Records contained in a dataset:
= = = =
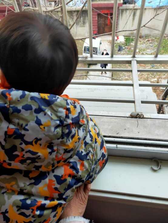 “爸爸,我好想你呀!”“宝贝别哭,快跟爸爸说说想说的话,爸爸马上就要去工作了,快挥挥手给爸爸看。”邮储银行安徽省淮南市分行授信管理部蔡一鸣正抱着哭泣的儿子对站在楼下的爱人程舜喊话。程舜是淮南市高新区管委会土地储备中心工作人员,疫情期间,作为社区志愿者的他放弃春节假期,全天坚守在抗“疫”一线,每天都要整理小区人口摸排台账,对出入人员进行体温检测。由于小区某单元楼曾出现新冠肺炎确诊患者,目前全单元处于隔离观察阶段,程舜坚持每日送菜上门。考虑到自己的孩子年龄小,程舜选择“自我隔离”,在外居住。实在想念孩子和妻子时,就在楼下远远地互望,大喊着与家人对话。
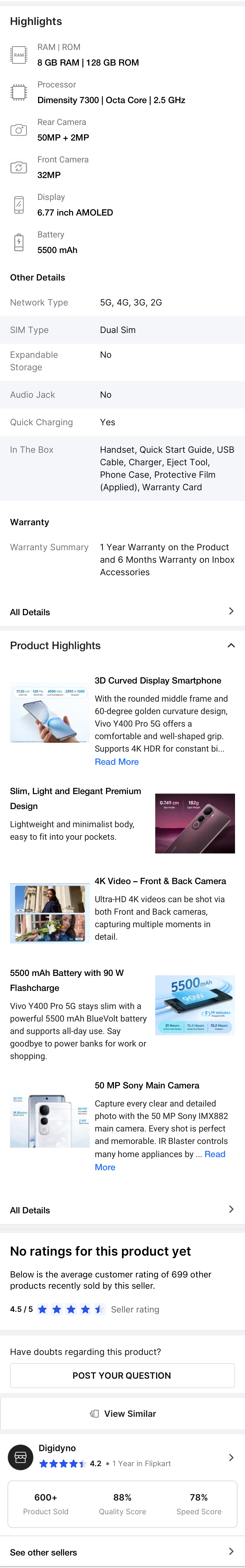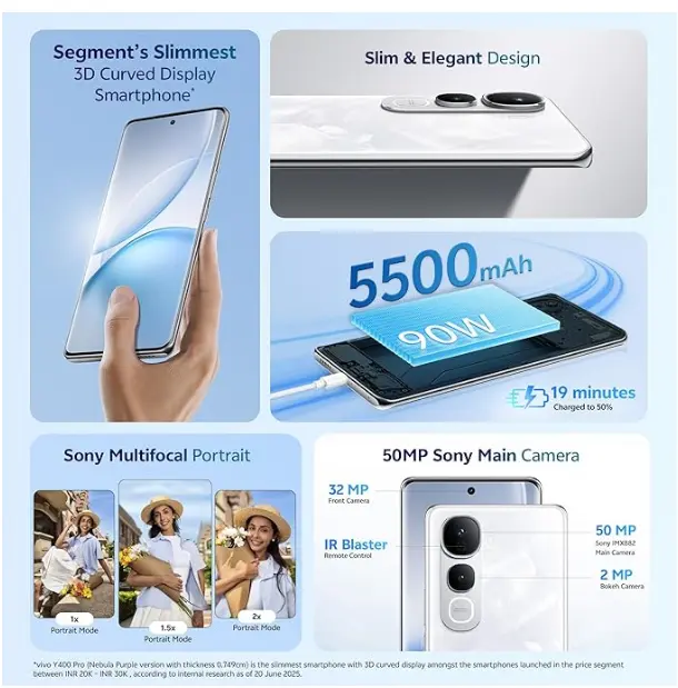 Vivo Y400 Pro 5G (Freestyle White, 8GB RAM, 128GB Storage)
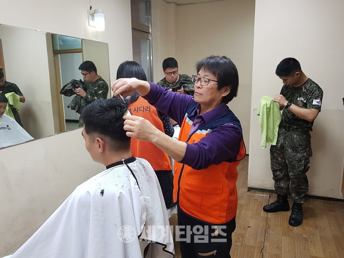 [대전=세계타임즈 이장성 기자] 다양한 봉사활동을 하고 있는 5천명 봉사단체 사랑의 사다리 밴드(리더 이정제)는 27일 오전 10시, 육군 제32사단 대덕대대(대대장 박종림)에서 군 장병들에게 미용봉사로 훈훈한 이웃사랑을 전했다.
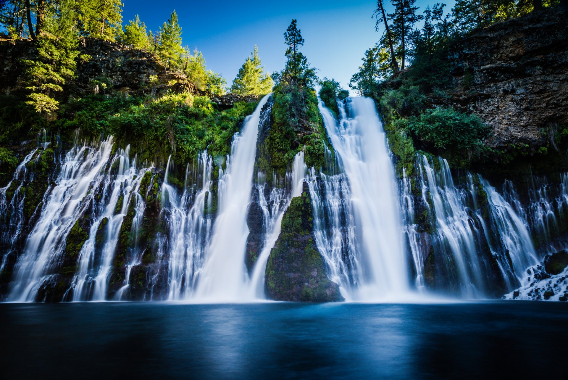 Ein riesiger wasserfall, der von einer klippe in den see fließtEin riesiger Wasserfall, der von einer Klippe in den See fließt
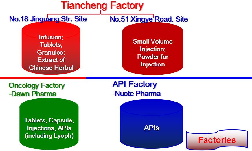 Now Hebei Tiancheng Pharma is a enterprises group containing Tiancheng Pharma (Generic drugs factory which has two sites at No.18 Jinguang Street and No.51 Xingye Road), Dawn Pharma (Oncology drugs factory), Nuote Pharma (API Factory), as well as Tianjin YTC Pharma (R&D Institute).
= = = =
**YOUR OBJECTIVE**.
Nothing but the lines from the one holding "[대전=세계타임즈 이장성 기자]" to the end of the entries above should be echoed, exactly and with both ends included; omit the pictures.

**RESPONSE TO THE EXERCISE**.
 [대전=세계타임즈 이장성 기자] 다양한 봉사활동을 하고 있는 5천명 봉사단체 사랑의 사다리 밴드(리더 이정제)는 27일 오전 10시, 육군 제32사단 대덕대대(대대장 박종림)에서 군 장병들에게 미용봉사로 훈훈한 이웃사랑을 전했다.
 Ein riesiger wasserfall, der von einer klippe in den see fließtEin riesiger Wasserfall, der von einer Klippe in den See fließt
 Now Hebei Tiancheng Pharma is a enterprises group containing Tiancheng Pharma (Generic drugs factory which has two sites at No.18 Jinguang Street and No.51 Xingye Road), Dawn Pharma (Oncology drugs factory), Nuote Pharma (API Factory), as well as Tianjin YTC Pharma (R&D Institute).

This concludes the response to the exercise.